### AIM OF THE TASK
Every line from the one with "Erzurum Post-Erzurum'da Cumhuriyet" to the end of the listing, and nothing else, is to be printed exactly; please leave the pictures out.

### DATA FOR THIS TASK
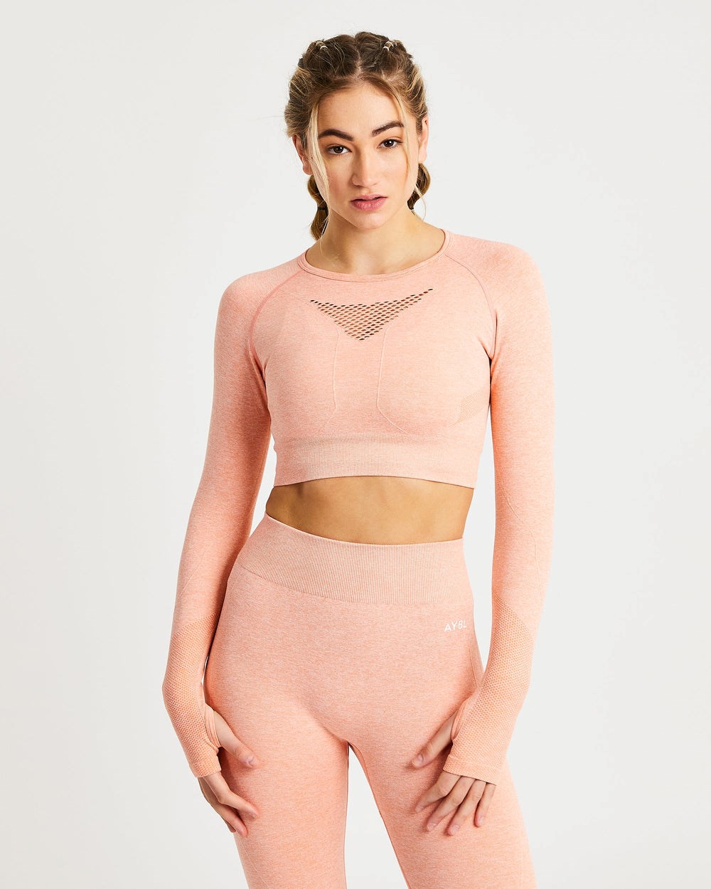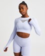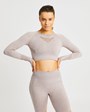 Level up your fitness with our Motion Long Sleeve Crop Top. A staple for every gym lover, our seamless workout top is made from a super soft and stretchy nylon, polyester and elastane blend for a fit that promises both style and functionality. Complete with melange contour detailing to sculpt and define your body, as well as intricate cut out detailing on the front and back, this long sleeve top offers incredible breathability, so you can focus on smashing your goals. Look as good as you feel when you pair with our Motion Leggings or Shorts.
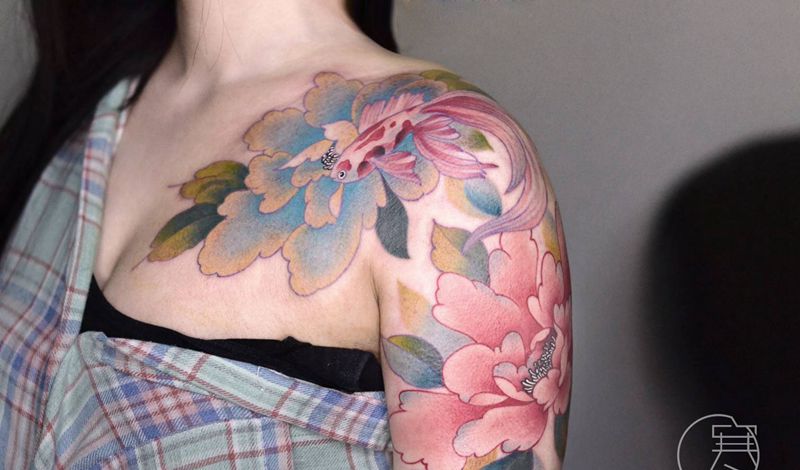 鱼、牡丹纹身图片_肩部手臂水彩纹身图案
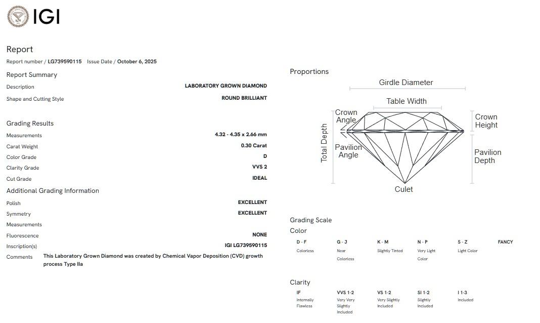 เพชรแท้ Lab Grown Diamond 0.30 กะรัต น้ำ GREEN เกรด VS1 VG VG VG N พร้อมเซอร์ IGI (1CER601)
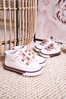 Dziecięce Wysokie Trampki Ze Ściągaczem Biało Różowe Baxter
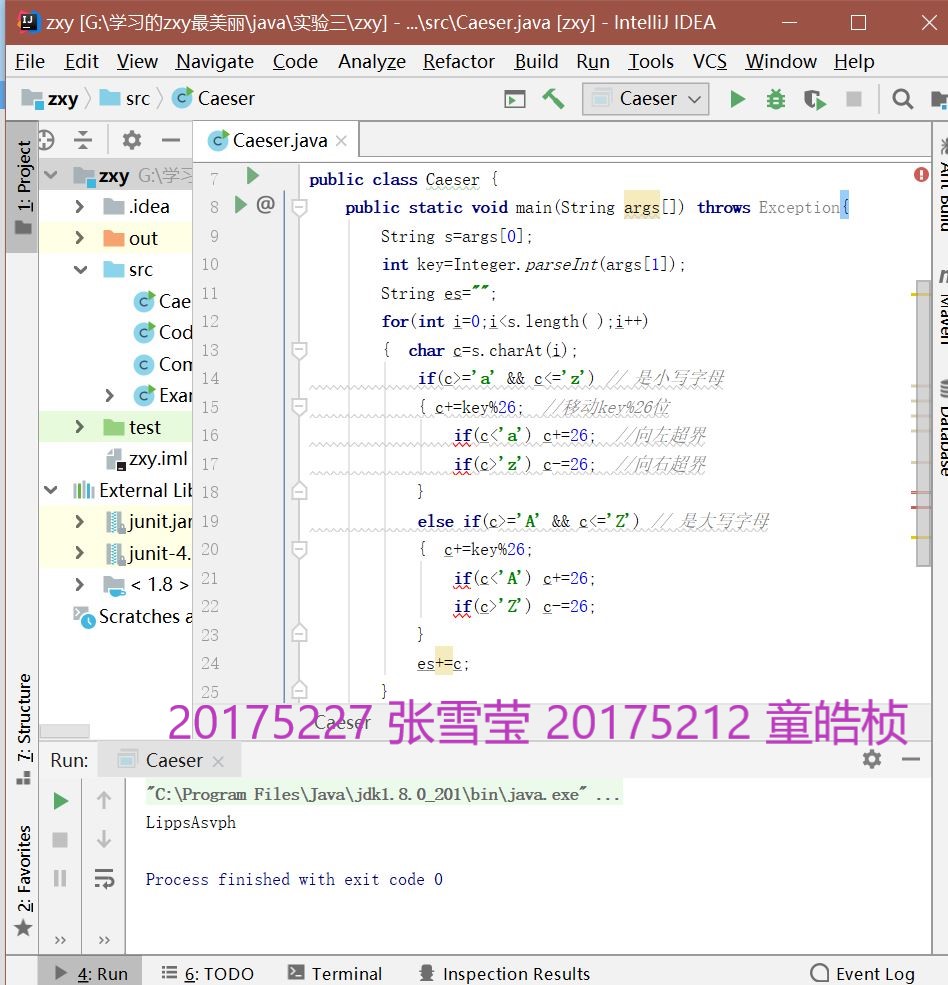 - 我与结对伙伴共同编写凯撒密码加解密算法代码如下:
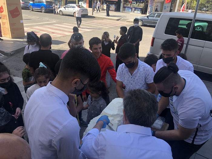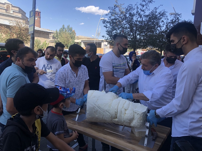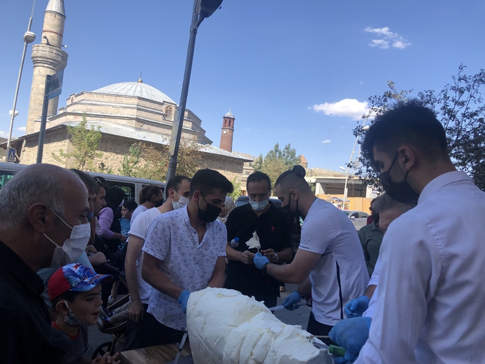 Erzurum Post-Erzurum'da Cumhuriyet Caddesi'nde bir işletme cağ kebabı şeklinde yaptığı dondurmayı vatandaşlara ikram etti.
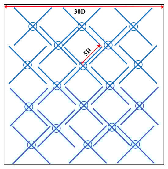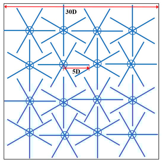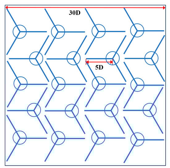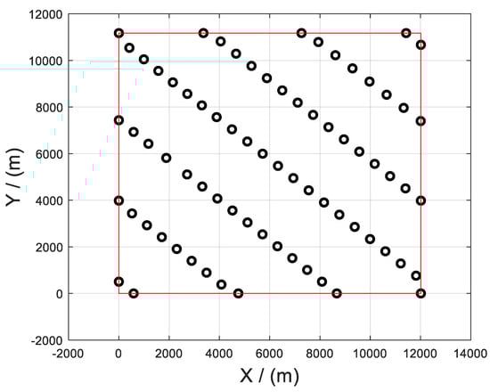 In this section, the proposed method is applied to optimize the mooring layout of the wind farm to further improve the efficiency. From the investigation of Section 3.3, the three-line pattern is relatively effective from the perspective of occupied area. Therefore, this study adopts the three-line pattern to optimize the layout of the wind farm. The number of wind turbines is 73; other parameters and the wind information are the same as the original wind farm. The minimum distance between FOWTs is set to be 6D, so the radius of the buffer zone Rw is 3D (774 m). The result of the optimized layout is demonstrated in Figure 13.
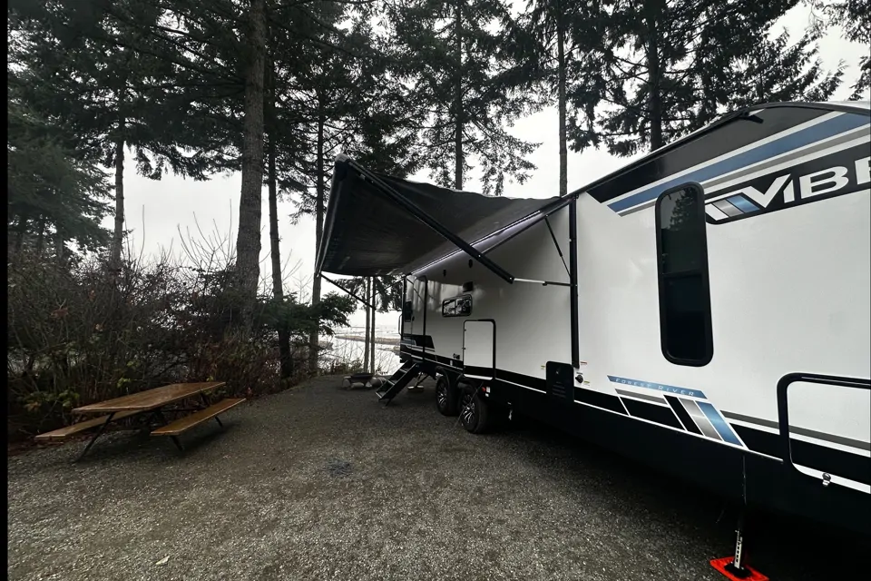 Get back to nature in style, with all the comforts of home. Be one of the first to stay in our brand new off the lot trailer, purchased new from Arbutus RV in November 2025. The ultimate in glamping, this RV is absolute luxury! Enjoy year-round camping! Spacious kitchen and galley area, with 50" tv, theatre seating, and table that converts to a very comfortable bed. Bathroom has on demand hot water, so long, hot showers for all! Porcelain toilet installed which, believe us, makes a big difference! separate bedroom has an amazing $1200 Douglas mattress. Whether enjoying the roaring furnace and fireplace, or the ice cool air conditioning, it'll be hard to get out of that bed, especially if you're watching the second smart tv in the bedroom! Three burner propane stove with oven, extra large, deep stainless sink, massive pantry with tons of counter space, sizeable double-door fridge with freezer, outdoor propane griddle, fridge, and hot/cold shower. Stunning 20ft awning with light-up outdoor speakers.

### SOLUTION TO THIS EXERCISE
 Erzurum Post-Erzurum'da Cumhuriyet Caddesi'nde bir işletme cağ kebabı şeklinde yaptığı dondurmayı vatandaşlara ikram etti.
 In this section, the proposed method is applied to optimize the mooring layout of the wind farm to further improve the efficiency. From the investigation of Section 3.3, the three-line pattern is relatively effective from the perspective of occupied area. Therefore, this study adopts the three-line pattern to optimize the layout of the wind farm. The number of wind turbines is 73; other parameters and the wind information are the same as the original wind farm. The minimum distance between FOWTs is set to be 6D, so the radius of the buffer zone Rw is 3D (774 m). The result of the optimized layout is demonstrated in Figure 13.
 Get back to nature in style, with all the comforts of home. Be one of the first to stay in our brand new off the lot trailer, purchased new from Arbutus RV in November 2025. The ultimate in glamping, this RV is absolute luxury! Enjoy year-round camping! Spacious kitchen and galley area, with 50" tv, theatre seating, and table that converts to a very comfortable bed. Bathroom has on demand hot water, so long, hot showers for all! Porcelain toilet installed which, believe us, makes a big difference! separate bedroom has an amazing $1200 Douglas mattress. Whether enjoying the roaring furnace and fireplace, or the ice cool air conditioning, it'll be hard to get out of that bed, especially if you're watching the second smart tv in the bedroom! Three burner propane stove with oven, extra large, deep stainless sink, massive pantry with tons of counter space, sizeable double-door fridge with freezer, outdoor propane griddle, fridge, and hot/cold shower. Stunning 20ft awning with light-up outdoor speakers.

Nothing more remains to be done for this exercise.